### Task requirements
When you reproduce the data, keep every word exactly as it stands and leave the pictures out.

### Information provided
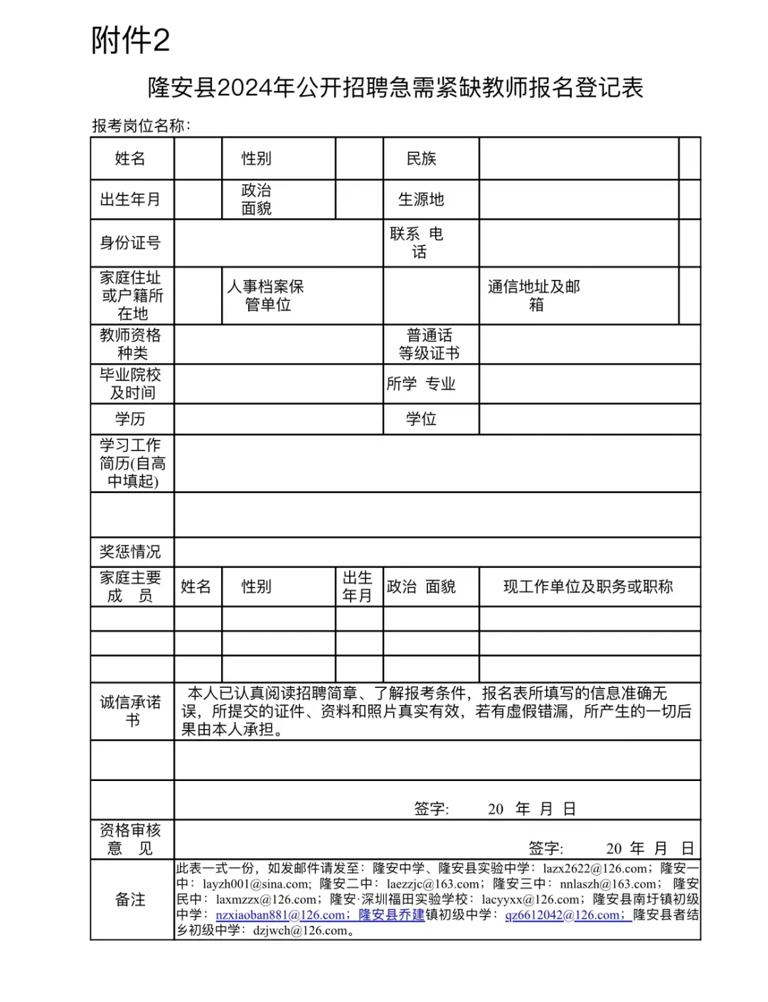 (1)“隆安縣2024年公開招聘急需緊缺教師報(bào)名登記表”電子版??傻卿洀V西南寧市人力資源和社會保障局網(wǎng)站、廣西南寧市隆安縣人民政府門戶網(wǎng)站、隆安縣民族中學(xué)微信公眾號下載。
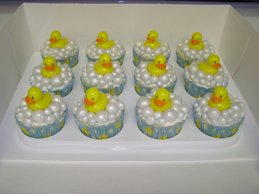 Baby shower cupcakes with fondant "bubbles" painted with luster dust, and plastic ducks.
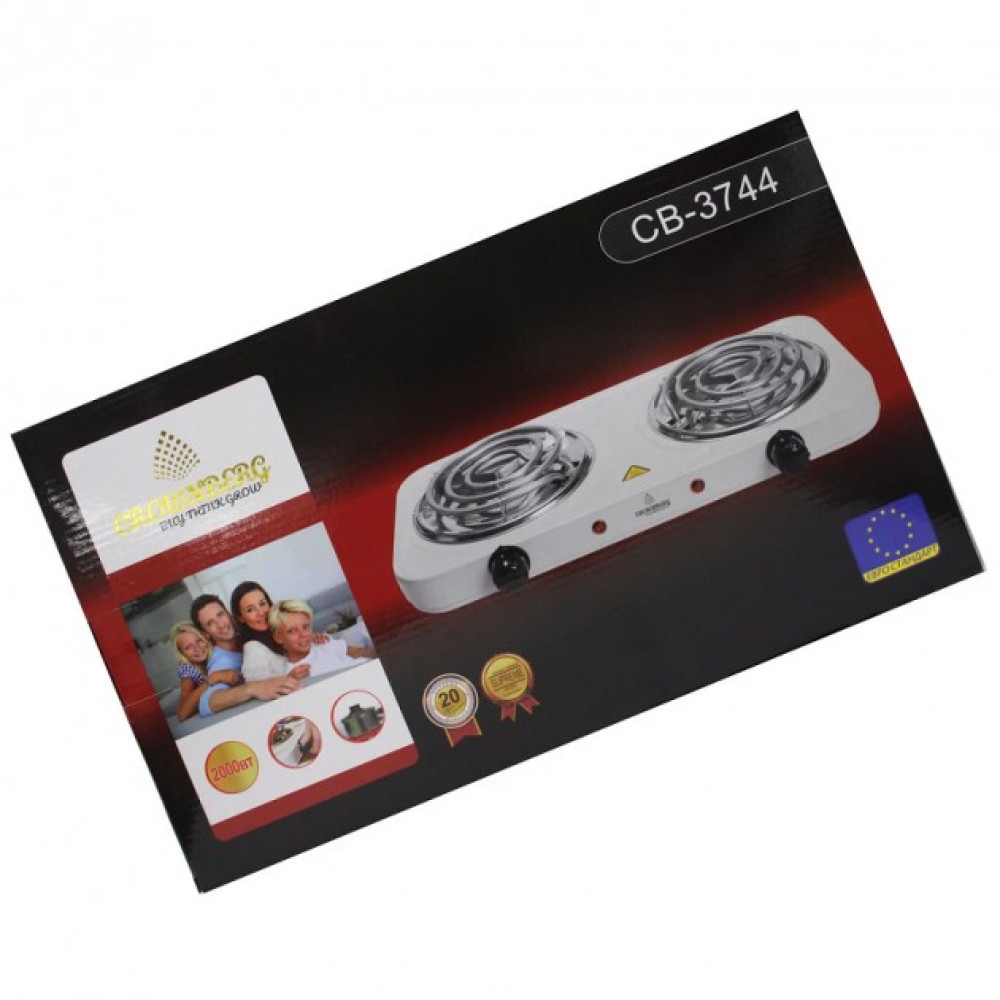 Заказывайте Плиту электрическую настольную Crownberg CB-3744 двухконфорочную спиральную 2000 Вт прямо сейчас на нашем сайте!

### Answer section
 (1)“隆安縣2024年公開招聘急需緊缺教師報(bào)名登記表”電子版??傻卿洀V西南寧市人力資源和社會保障局網(wǎng)站、廣西南寧市隆安縣人民政府門戶網(wǎng)站、隆安縣民族中學(xué)微信公眾號下載。
 Baby shower cupcakes with fondant "bubbles" painted with luster dust, and plastic ducks.
 Заказывайте Плиту электрическую настольную Crownberg CB-3744 двухконфорочную спиральную 2000 Вт прямо сейчас на нашем сайте!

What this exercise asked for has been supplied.